On January 28, 2008, the registrant entered into (1) a Second Amended and Restated Senior Management Agreement, among the registrant; Solera, Inc., an indirect wholly-owned subsidiary of the registrant; Tony Aquila, president, chief executive officer and a director of the registrant; and additional parties, and (2) an Amended and Restated Securities Purchase Agreement, among the registrant; Jack Pearlstein, Chief Financial Officer and Secretary of the registrant; and additional parties. These agreements are referred to herein as the “New Agreements.” The respective New Agreement restates in its entirety Mr. Aquila’s Amended and Restated Senior Management Agreement and Mr. Pearlstein’s Securities Purchase Agreement (together, the “Previous Agreements”), which were entered into by the limited liability company predecessor of the registrant, to reflect the conversion of the registrant into a corporation in May 2007, the related conversion of the equity units of the registrant into shares of common stock, the completion of the registrant’s initial public offering in May 2007 and the completion of a subsequent public offering of the registrant’s common stock in October 2007. The New Agreements reflect substantially all of the terms of the Previous Agreements.
Among other things, terms of the New Agreements clarify provisions of the Previous Agreements relating to accelerated vesting of equity held by the respective officers. Under the New Agreements, certain shares held by Messrs. Aquila (1,309,226 shares) and Pearlstein (785,536 shares) are subject to vesting. The New Agreements clarify that, following the registrant’s public offering in October 2007, the shares subject to vesting had vested in proportion to the percentage of shares held by affiliates of GTCR Golder Rauner II, L.L.C. (collectively, “GTCR” and, prior to the registrant’s initial public offering, the majority holder of the registrant’s common stock) that were sold in the registrant’s public offerings in May and October of 2007. In addition, in connection with the registrant’s initial public offering, the registrant granted Mr. Aquila 150,648 restricted stock units and Mr. Pearlstein 50,216 restricted stock units under the registrant’s 2007 Long-Term Equity Incentive Plan. Under restricted stock unit grant agreements, 40% of the restricted stock units vested upon grant, and the remainder vest at a rate of 5% per fiscal quarter. The New Agreements accelerate the vesting of the restricted stock units to equal the percentage of shares subject to vesting that have vested as described above.

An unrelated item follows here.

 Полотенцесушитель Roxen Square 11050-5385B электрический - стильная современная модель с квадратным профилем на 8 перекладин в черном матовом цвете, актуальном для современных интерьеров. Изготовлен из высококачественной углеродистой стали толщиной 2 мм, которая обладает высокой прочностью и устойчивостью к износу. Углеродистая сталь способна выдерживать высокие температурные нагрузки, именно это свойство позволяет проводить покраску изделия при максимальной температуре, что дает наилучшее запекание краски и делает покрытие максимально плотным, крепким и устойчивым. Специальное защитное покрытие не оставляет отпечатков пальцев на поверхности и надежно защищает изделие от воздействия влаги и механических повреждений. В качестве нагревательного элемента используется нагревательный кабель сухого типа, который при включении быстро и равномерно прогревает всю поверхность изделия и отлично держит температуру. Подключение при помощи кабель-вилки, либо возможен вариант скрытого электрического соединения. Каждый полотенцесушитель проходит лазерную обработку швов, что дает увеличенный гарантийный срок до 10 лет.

The New Agreements provide that shares subject to vesting and restricted stock units will continue to vest at the rate of 5% per fiscal quarter, and the vesting will be accelerated, if necessary, upon a public sale of shares by GTCR to equal the aggregate percentage of GTCR’s initial holdings that GTCR has sold through and including such public sale.

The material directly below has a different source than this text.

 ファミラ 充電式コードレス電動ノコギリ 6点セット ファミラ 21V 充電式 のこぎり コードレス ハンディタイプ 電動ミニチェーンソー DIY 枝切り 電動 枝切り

On January 28, 2008, the registrant entered into a Second Amended and Restated Securities Purchase Agreement between the registrant and Roxani Gillespie, a member of the registrant’s board of directors. This agreement amends and restates in its entirety, on substantially the same terms, Ms. Gillespie’s Amended and Restated Securities Purchase Agreement, which was entered into by the limited liability company predecessor of the registrant, to reflect the conversion of the registrant into a corporation in May 2007, the related conversion of the equity units of the registrant into shares of common stock, the completion of the registrant’s initial public offering in May 2007 and the completion of a subsequent public offering of the registrant’s common stock in October 2007.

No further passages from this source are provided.